Those consolidated interim financial statements should be read in conjunction
with the consolidated financial statements and notes thereto included in the
Company's annual report for the fiscal year ended December 31, 1996. The
foregoing figures are unaudited, but in the opinion of the Management of the
Company, all adjustments, consisting of normal recurring accruals, necessary for
a fair presentation have been made.
The results for the three months ended September 30, 1997 are not necessarily
indicative of the results expected in subsequent quarters.

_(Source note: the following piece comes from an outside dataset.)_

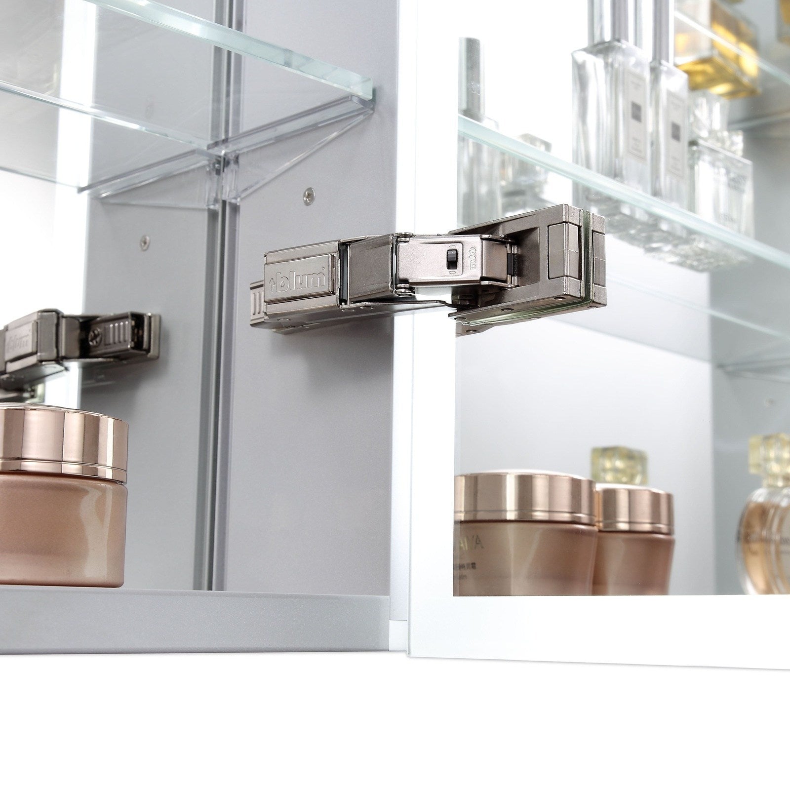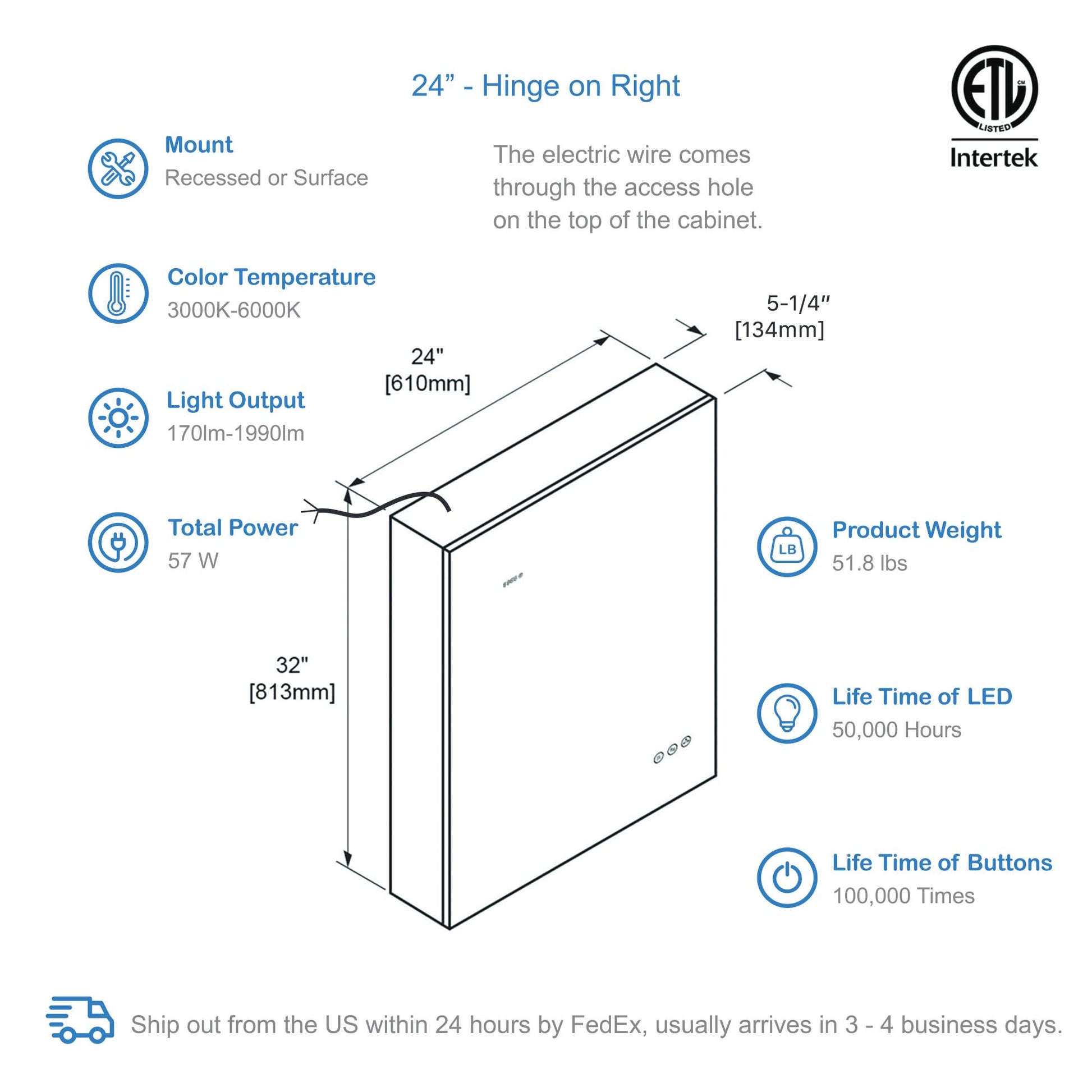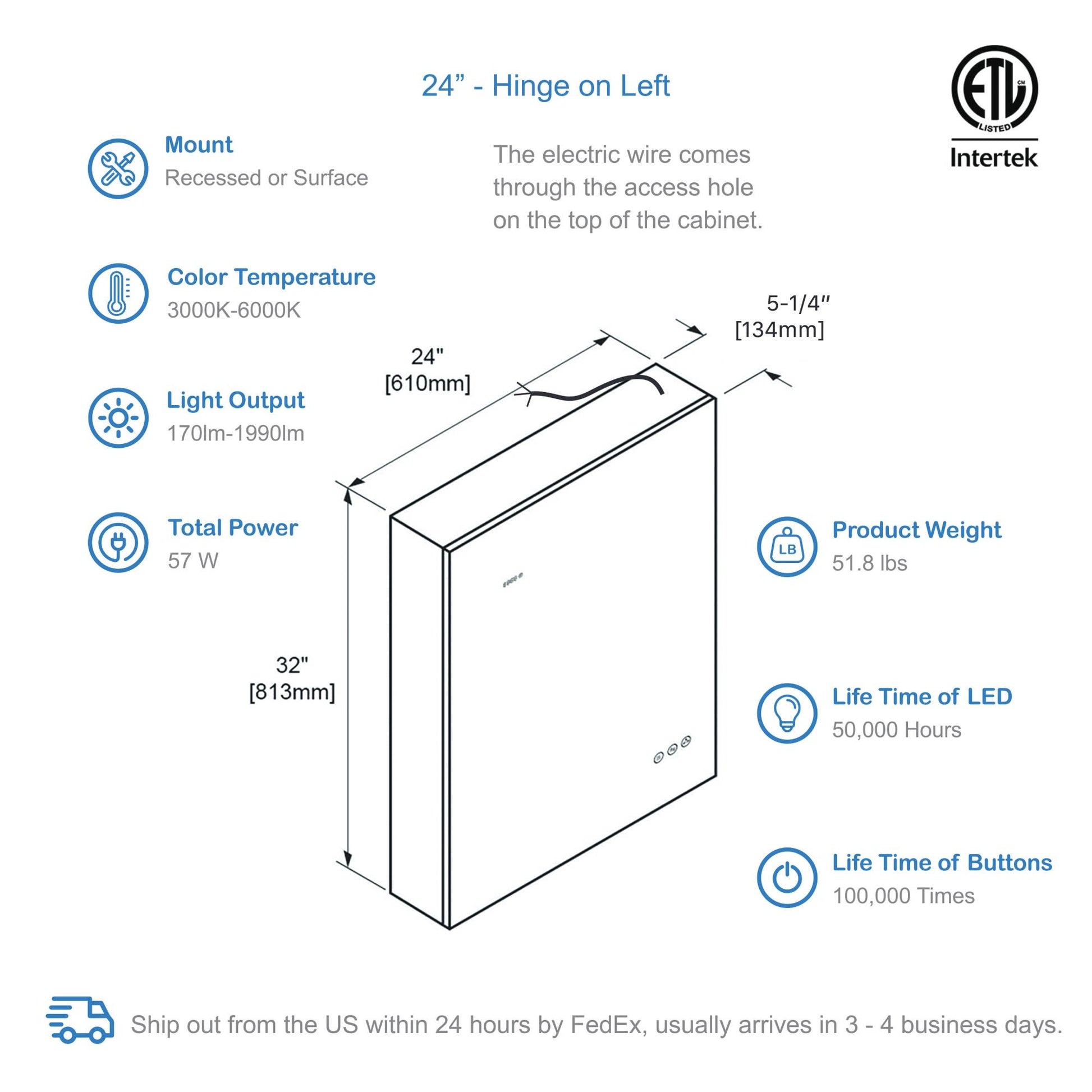 Smart LED Lighting: The Blossom Sirius 24″ LED Medicine Cabinet (MCL3 2432L) features soft-touch controls for on/off, dimming (5%–100%), and color-temperature adjustment from 2,500K to 6,000K.

Cash dividends were paid at the rate of $0.155 in the third quarter of 1997 and
1996. Cash dividends on preferred shares were paid at the rate of $0.81 per
preferred share in the third quarter of 1997 and 1996.
Net sales and net income for the three months ended September 30, 1997 were
$339.0 million and $15.4 million ($0.53 fully diluted earnings per common share)
as compared with net sales and net income of $329.2 million and $13.2 million
($0.44 fully diluted earnings per common share) for the corresponding 1996
period.
ITEM 2 - MANAGEMENT'S DISCUSSION AND ANALYSIS OF FINANCIAL CONDITION AND
RESULTS OF OPERATIONS.
Comparison Between Three Months Ended September 30, 1997 and 1996.
- ------------------------------------------------------------------
Net Sales. Third quarter 1997 net sales of $339.0 million were 3.0% greater than
the $329.2 million of the comparable 1996 period.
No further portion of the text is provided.